Gli Uffici scolastici stanno proseguendo con la comunicazione nei confronti dei dirigenti scolastici delle indicazioni utili alla nuova procedura che si svolgerà nelle prossime settimane inerente la conferma del docente di sostegno su richiesta della famiglia. Nuovo istituto contestatissimo che consentirà di chiedere al dirigente scolastico di confermare l’insegnante con cui lo studente con disabilità si è trovato particolarmente bene nell’anno che sta per concludersi, in modo da garantire la continuità didattica in un ambito particolare.
La procedura
La questione è regolamentata dal decreto che il Ministero dell’Istruzione e del Merito ha pubblicato nell’ambito del DM n. 32 del 26 febbraio 2025 “Misure finalizzate a garantire la continuità dei docenti a tempo determinato su posto di sostegno per l’anno scolastico 2025/2026”.
La procedura prevede come primo step l’iniziativa della famiglia, che se lo ritiene opportuno, fa richiesta al Dirigente Scolastico di assicurare la continuità del docente di sostegno del proprio figlio. La richiesta va presentata entro un mese circa, con scadenza 31 maggio.

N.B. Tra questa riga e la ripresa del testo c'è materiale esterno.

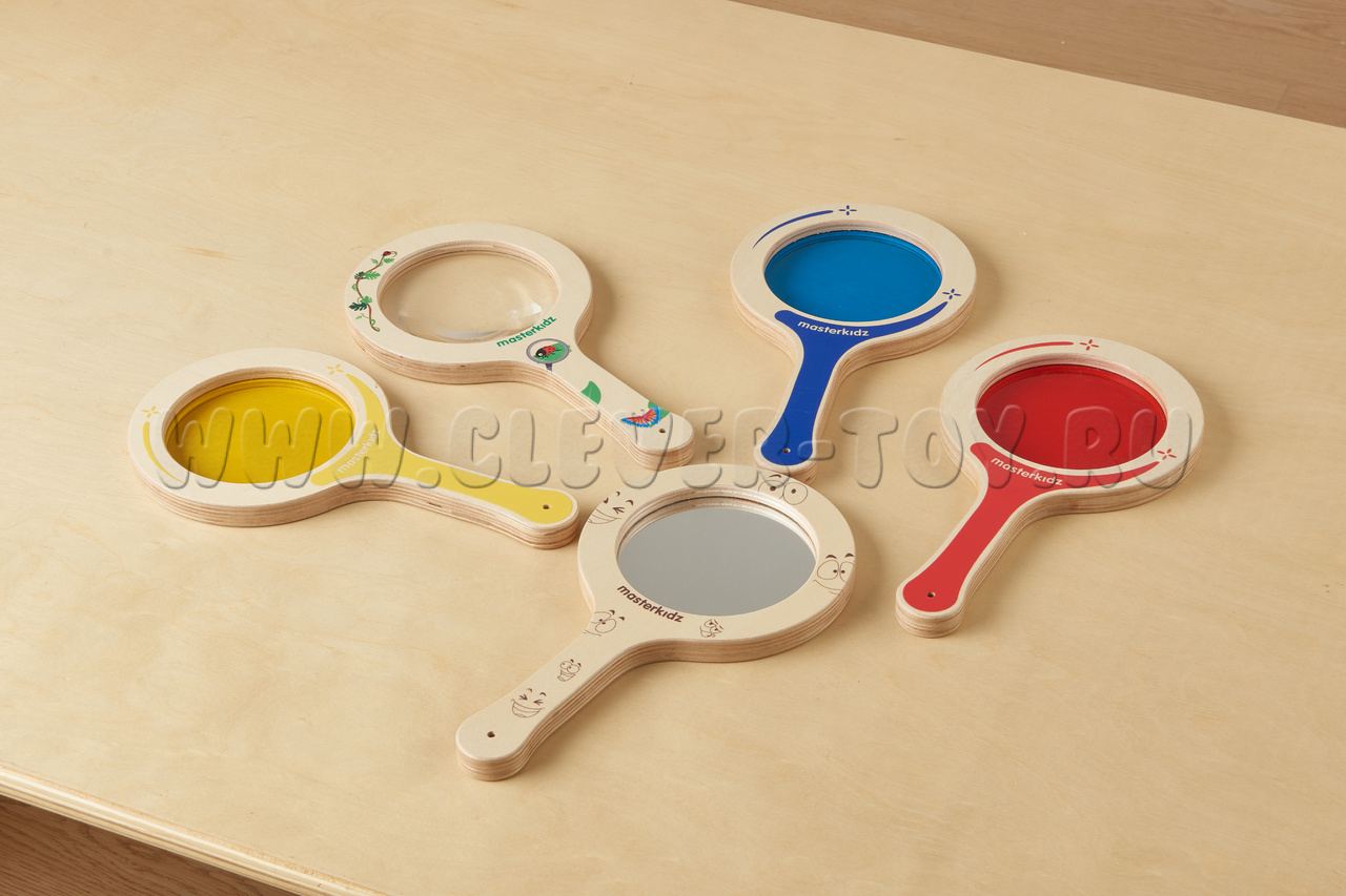 С этим набором можно заниматься научными наблюдениями и исследованиями, а также по-новому взглянуть на окружающий мир. Если поднести к глазу одну из цветных луп, то всё вокруг окрасится в разные цвета. Если поднести две лупы к глазу одновременно, то получится новый цвет. Двустороннее плоское зеркало позволяет детям наблюдать и изучать свои эмоции, а увеличительная лупа подходит для детального изучения мелких предметов или, например, насекомых (с 3-кратным и 5-кратным увеличением).
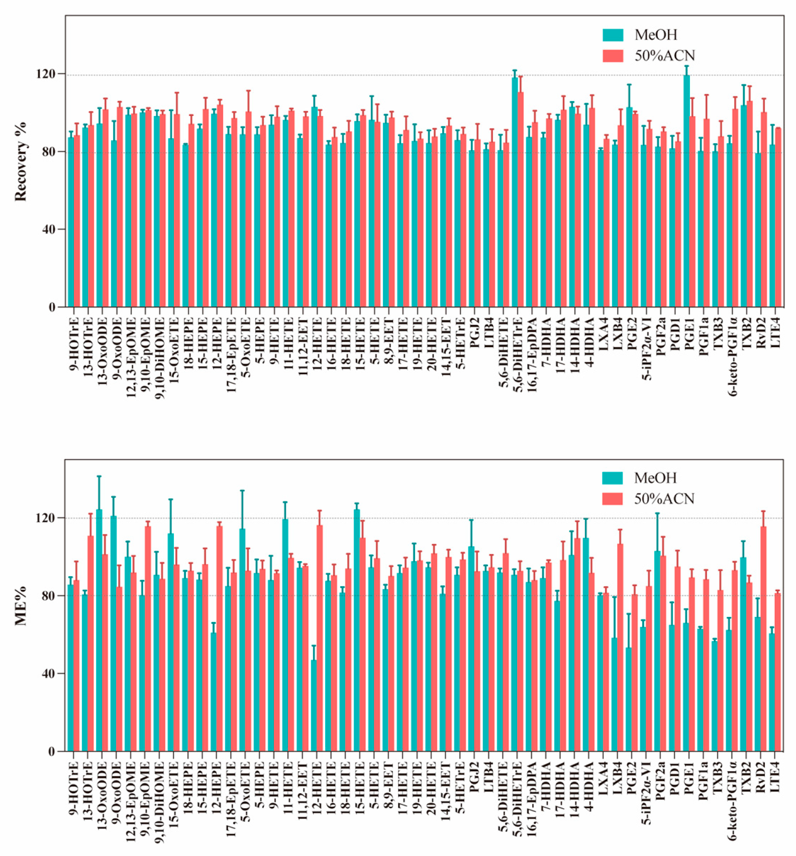 Quantitative reconstitution is crucial for a robust workflow. Therefore, we investigated the effects of different complex solutions on the extraction recovery rate and ME, including MeOH and 50% ACN. As shown in Figure 6, compared to the MeOH protocol, all eicosanoids show close to 100% extraction recoveries in the 50% ACN reconstituting protocol. The same extraction recovery (close to 100%) is also observed for other oxylipins. In addition, the results are quite satisfying and the optimized protocol using 50% ACN does not exhibit significantly stronger MEs than MeOH. To conclude, the optimized protocol with 50% ACN can achieve the best results for all oxylipins classes including the eicosanoids. Furthermore, compared with pure MeOH, the use of 50% ACN as the reconstitution solvent not only improves the extraction recovery of oxylipins but also achieves better injection precision (with lower CV values) (Figure S4). This is likely attributable to its lower volatility and enhanced sample stability in the autosampler.
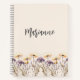 A beige coloured background. Decorated with yellow and purple wildflowers. Personalise and add your name. Grey handwritten style script.
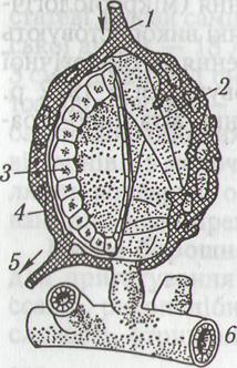 Молоко синтезується в альвеолах, частково — в дрібних і середніх вивідних протоках. З них воно надходить у крупні вивідні протоки, після чого накопичується в молочній цистерні, а з неї через сосковий канал виділяється у зовнішнє середовище. Молочна залоза функціонує в лактаційний період, який у корови триває в середньому 300 днів. Рис. 4.1. Схема будови молочної альвеоли та її кровообігу (за С. Поттоном): 1 — артеріола;. 2 — міоепітеліальна клітина; 3 — лактуюча клітина; 4 — капіляр; 5 — венула; 6 — вивідна протока
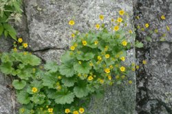 4時30分が最終というけれど、混雑を避けて早めに下りる。途中、大観峰の展望台で垂直の岩にへばりついているタカネバラやミヤマダイコンソウ(写真)がきれいだった。
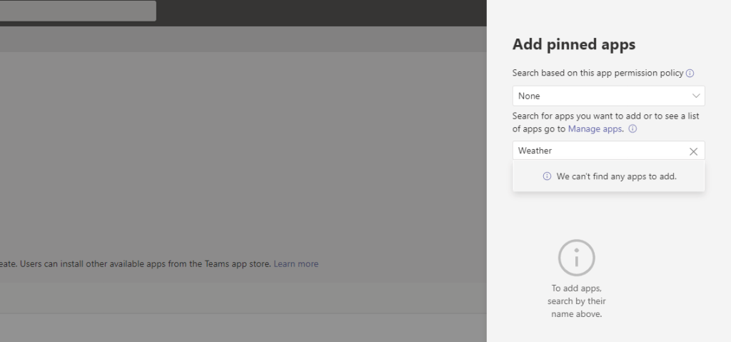 A. Interestingly, not all messaging extensions are supported by App Setup Policies. Weather is a good example. If it is not supported you will not find it in the search. However, that doesn’t mean it cannot be used as a messaging extension, it simply means it isn’t supported in the app setup policy and so if a user wants to use it, then assuming they can do so via the app permission policy they can search for the app in Teams, install it and use it

A quel punto tocca al Dirigente scolastico formulare le sue valutazioni, a cominciare dalla sussistenza delle condizioni, sentendo il Gruppo di Lavoro Operativo.

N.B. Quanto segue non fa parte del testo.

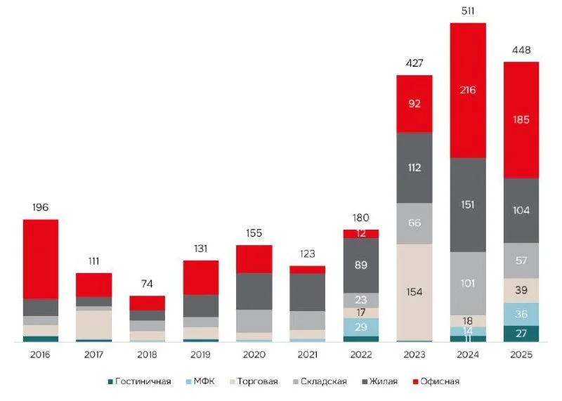 Несмотря на стабильный общий объем вложений по России в 2023–2024 годах, динамика в сегментах различается. В жилой недвижимости за январь–сентябрь 2025 года объем вложений снизился до 131 млрд рублей, что в 1,6 раза меньше, чем за тот же период 2024 года. В коммерческой недвижимости общий объем инвестиций, наоборот, вырос на 5% по сравнению с 2024 годом и достиг рекордных 475 млрд рублей за три квартала 2025 года.
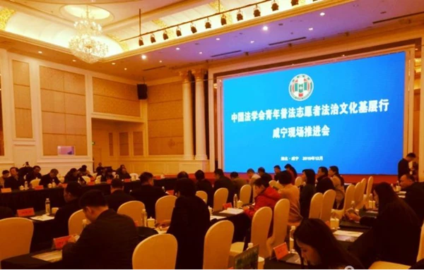 12月2日至3日,中国法学会青年普法志愿者法治文化基层行咸宁现场推进会在湖北省咸宁市举行,中国法学会党组成员、副会长张苏军,机关党委(人事部)副主任王国升,司法部、团中央的相关领导以及湖北省、天津市、浙江省等11个省市(区)法学会的相关领导共70余人参加了会议。我省法学会专职副会长兼秘书长彭国军参加了推进会并作了大会工作经验交流发言。
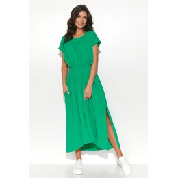 Tieto dlhé asymetrické šaty sú vyrobené z pletenej potnej látky. Majú okrúhly výstrih a šnúrku v páse. Zadná časť šiat je o niečo dlhšia ako predná, vďaka čomu ležérna kreácia pôsobí na siluete zaujímavo. Takmer po celej dĺžke majú šaty jemné nariasenie. Na bokoch sú bočné našité vrecká. Okrúhly výstrih necháva priestor na krásnu retiazku. Krátke rukávy zasa maskujú ramienka spodnej bielizne. Oblečte si ich s obľúbenými topánkami alebo sandálmi a užite si ležérny, ale elegantný vzhľad.
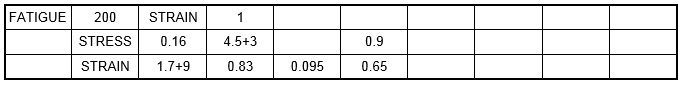 | EF | Coefficient of fatigue ductility. See Remark 4. | Real > 0.0 | See Remark 2 | |||
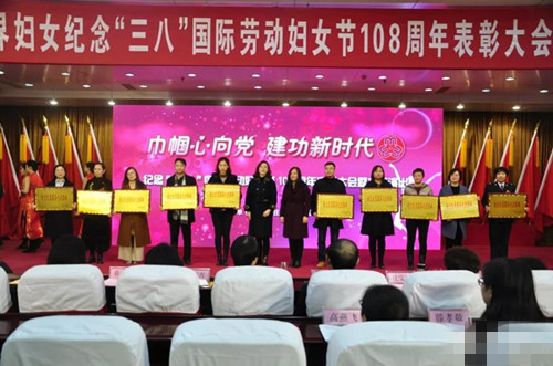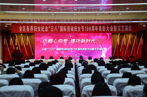 巾帼心向党·建功新时代。为深入学习宣传贯彻习近平新时代中国特色社会主义思想和党的十九大精神,纪念“三八”国际妇女节108周年,3月7日上午,罗庄区妇联举行“巾帼心向党·建功新时代”纪念“三八”国际妇女节大会。区委副书记王士力;区委常委、宣传部长王兆艳;区人大常委会副主任、区纪委廉政教育中心主任杜宝珍;区政协副主席、红十字会会长何雪;区政府副区长王晖青;区循环经济示范区主任徐秀兰及有关部门负责同志出席了会议。区政协女委员,各镇街、各部门主要领导和受表彰的先进集体和先进个人共400余人参加。
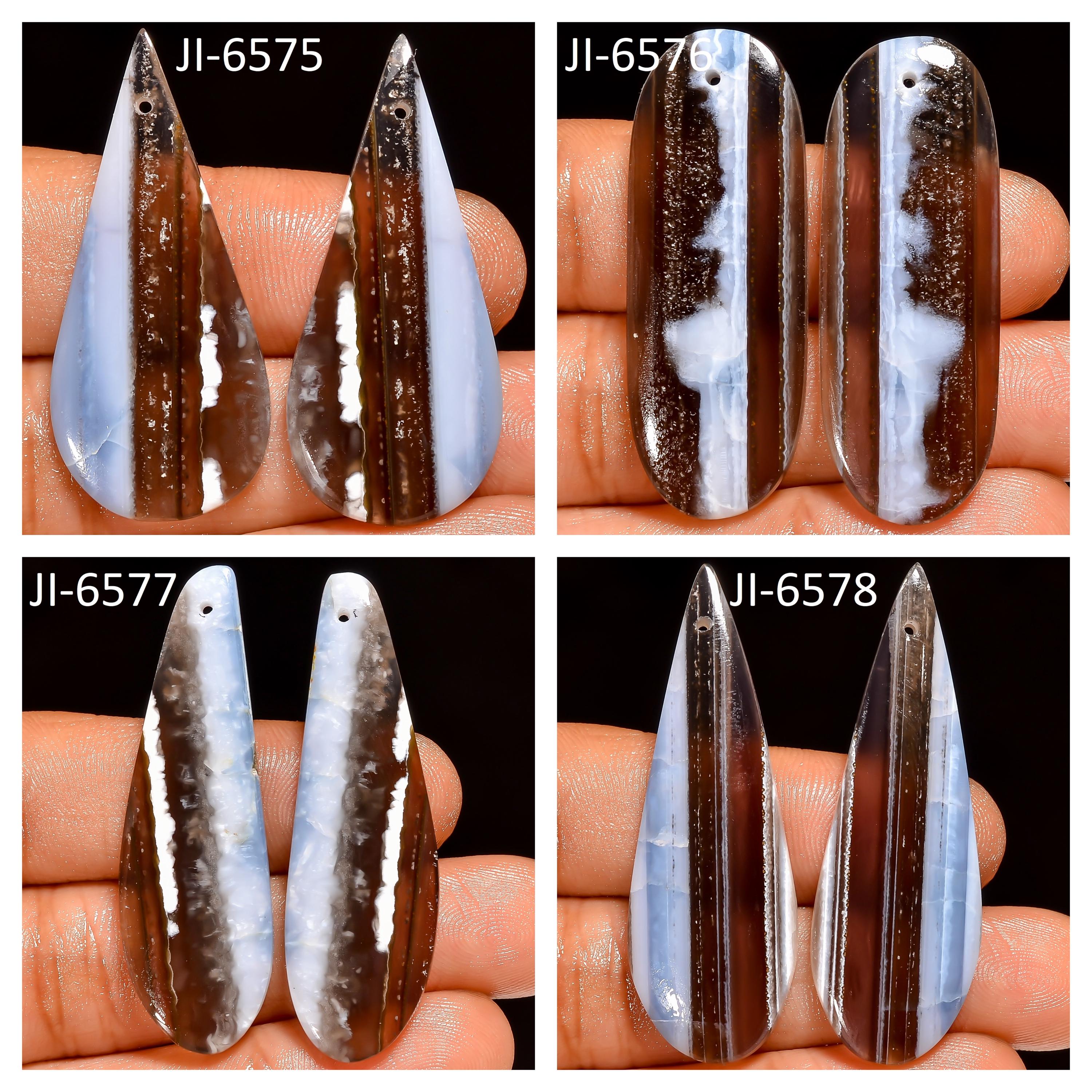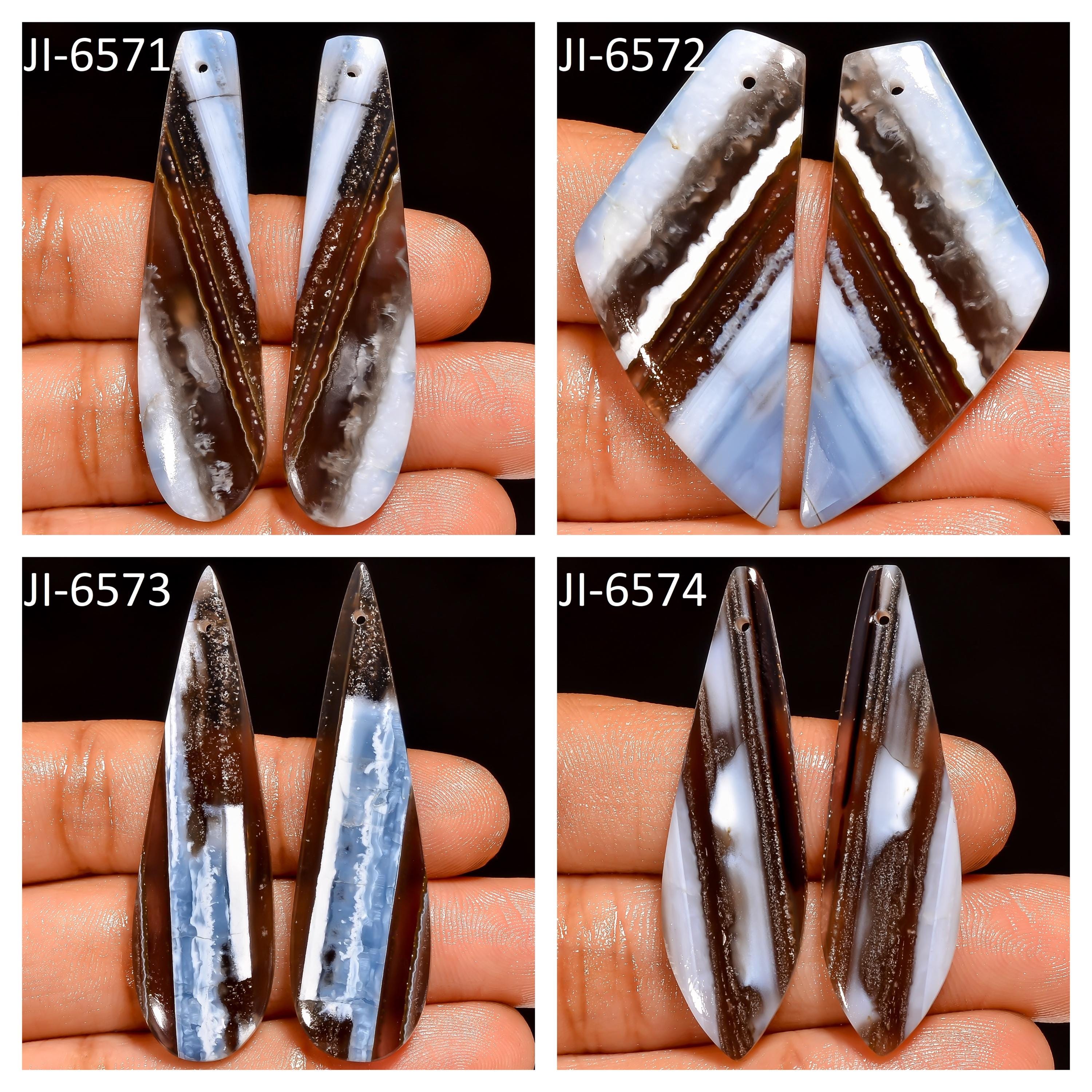 -Owyhee Blue Opal fancy shape drilled cabochon matching pairs-this listing is for a set of two cabochons-stones are flat on the back-Owyhee Blue Opal is a natural stone, no treatment

Sia che l’esito sia positivo, che negativo, il docente ne riceve comunicazione, contestualmente all’ufficio Scolastico competente e alla famiglia. Le tempistiche prevedono che il tutto si completi entro il 15 giugno 2025. A quel punto tocca al docente decidere se accettare l’incarico con precedenza assoluta nell’ambito della domanda per le supplenze 2025/26.
Tocca poi al Dirigente scolastico verificare la disponibilità dopo le operazioni relative al personale a tempo indeterminato e accertare il diritto alla nomina nel contingente dei posti disponibili.
Conferma anche per i docenti non specializzati
Possono essere confermati anche docenti non specializzati reclutati da seconda fascia GPS o da graduatorie incrociate per il sostegno. La riconferma vale esclusivamente per l’anno scolastico 2025/26. Se l’istituto sarà confermato, l’anno successivo, sussistendo la volontà della famiglia, la procedura va ripetuta.